The foundation stone for the new building was laid by William Anderton of Elm Bank on 21 June 1890. It was designed by Mawson & Hudson of Bradford in the Queen Anne style and was built at a cost of £13,900, which was financed, in part, by public subscription. It was officially opened by the Chairman of the Town Hall Committee, Joseph Law, on 10 February 1892. A plaque was subsequently placed in the room adjacent to the assembly hall to commemorate the life of Elymas Wadsworth, Law's predecessor, who had chaired the committee throughout the development stage of the town hall.

The design involved an asymmetrical main frontage with four bays facing onto Bradford Road; the right hand of the two central bays featured a steep flight of steps leading up to an arched doorway with a square clock tower above. The end bay on the left featured an Ipswich window on the first floor with a gable above, while the end bay on the right, which projected forward, featured a small stone balcony with two tall sash windows and a flagpole on the second floor within the gable. Internally, the principal rooms were the council chamber and the assembly hall, the latter of which featured a proscenium arch. The Cambridge-chiming clock was designed and manufactured by Potts of Leeds and the bells were cast by John Taylor & Co of Loughborough.

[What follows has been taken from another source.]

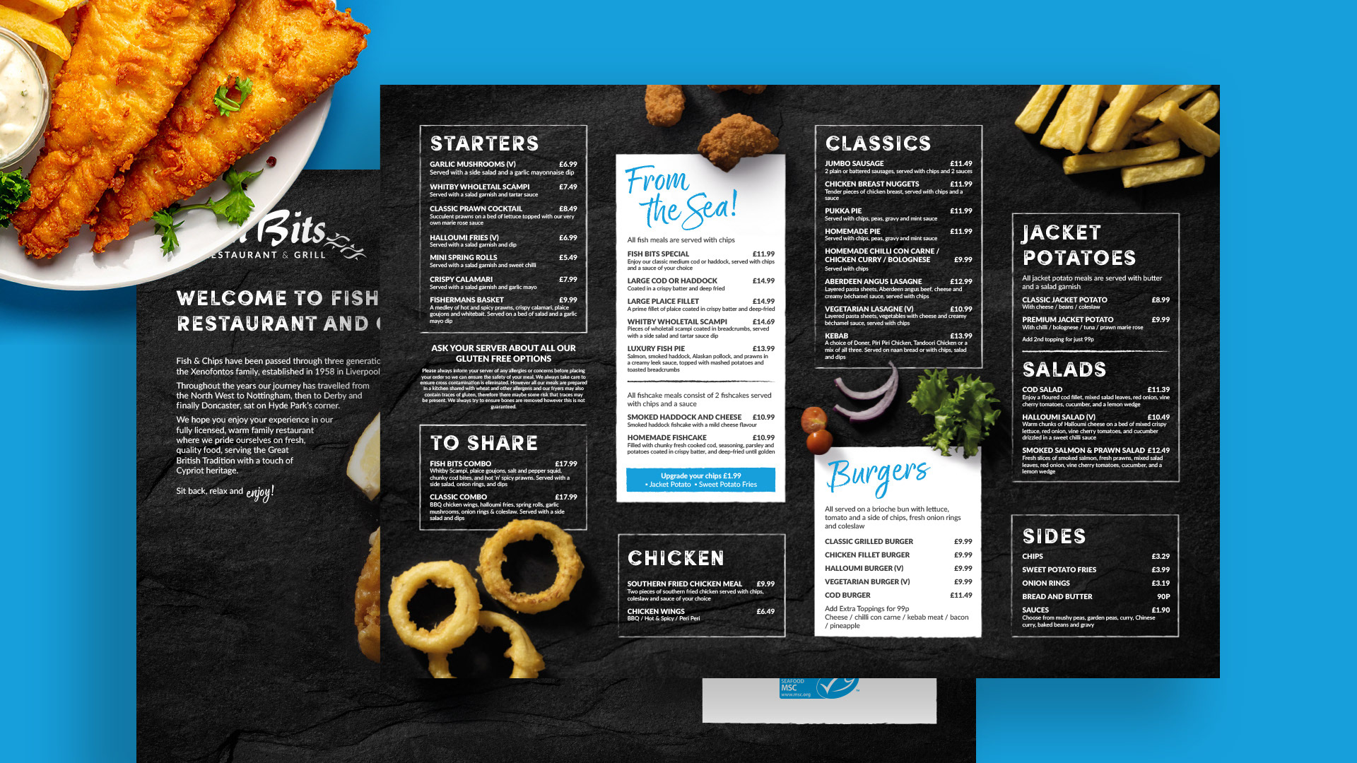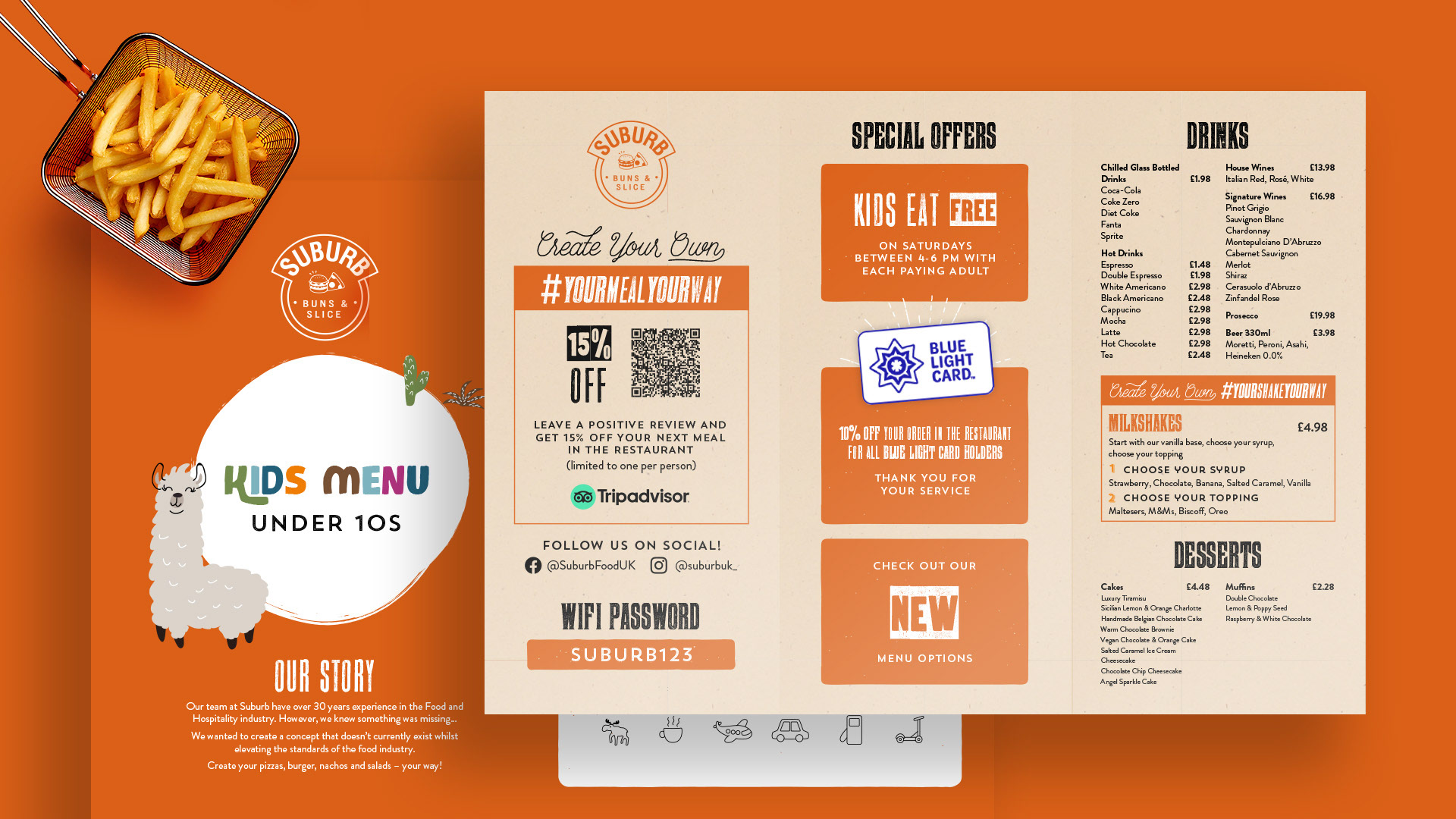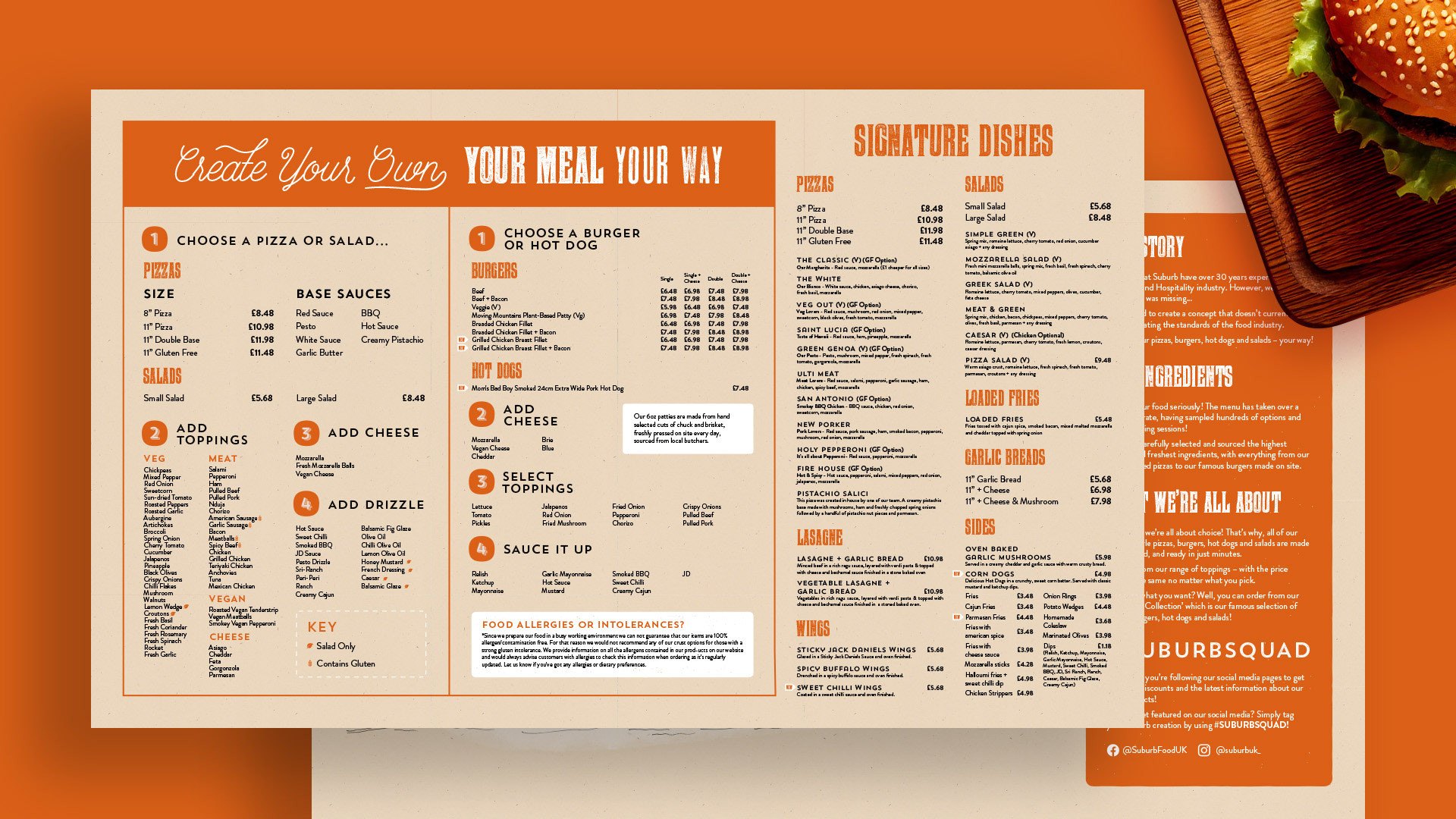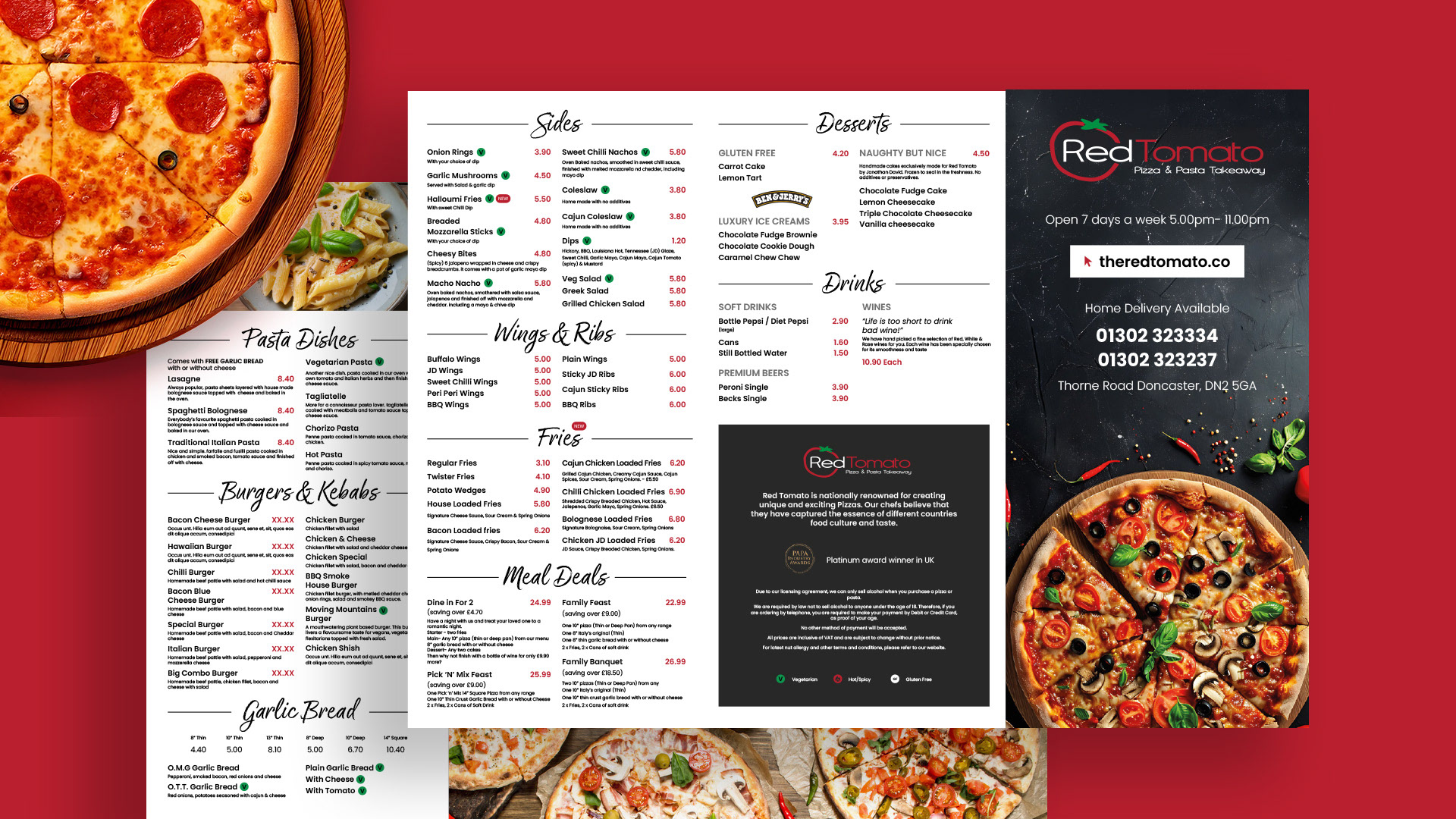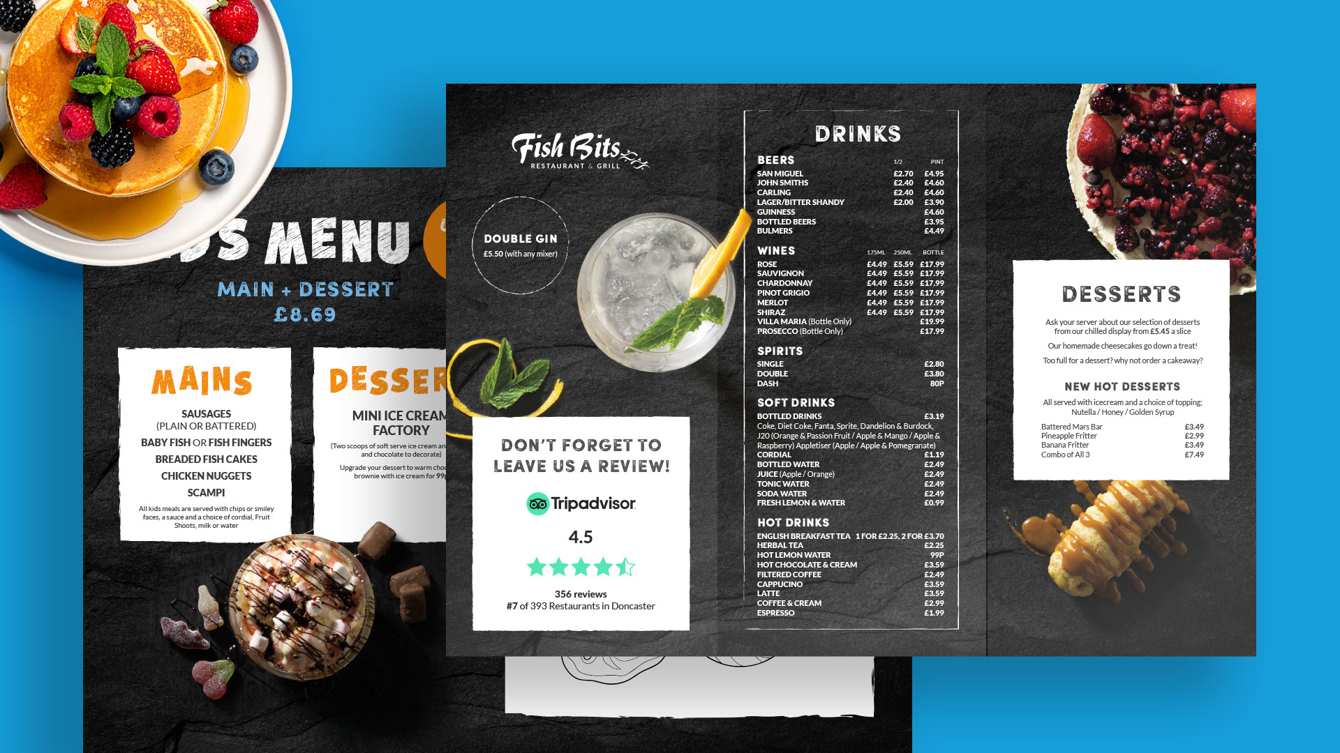A variety of menu designs designed in partnership with Moirae Creative.

The building became the headquarters of Cleckheaton Urban District Council, when it was formed in 1894, and of the enlarged Spenborough Urban District Council, when it was established in 1915. On 20 May 1926, the town hall was the venue for an important speech by the future leader of the National Liberal Party, Sir John Simon, who called for unity in the wake of the collapse of the General Strike: he said the British people should "retrace the false steps and acknowledge a grievous error ".

After the council was granted a charter of incorporation in July 1955, the town hall became the headquarters of the new municipal borough. However, it ceased to be the local seat of government when the enlarged Kirklees Council was formed in 1974. A stained glass window which depicted the coat of arms of Spenborough was installed in the town hall after the council was abolished. The town hall became a regular venue for the annual Cleckheaton Folk Festival which promoted local musical and literary initiatives after it was launched in 1988.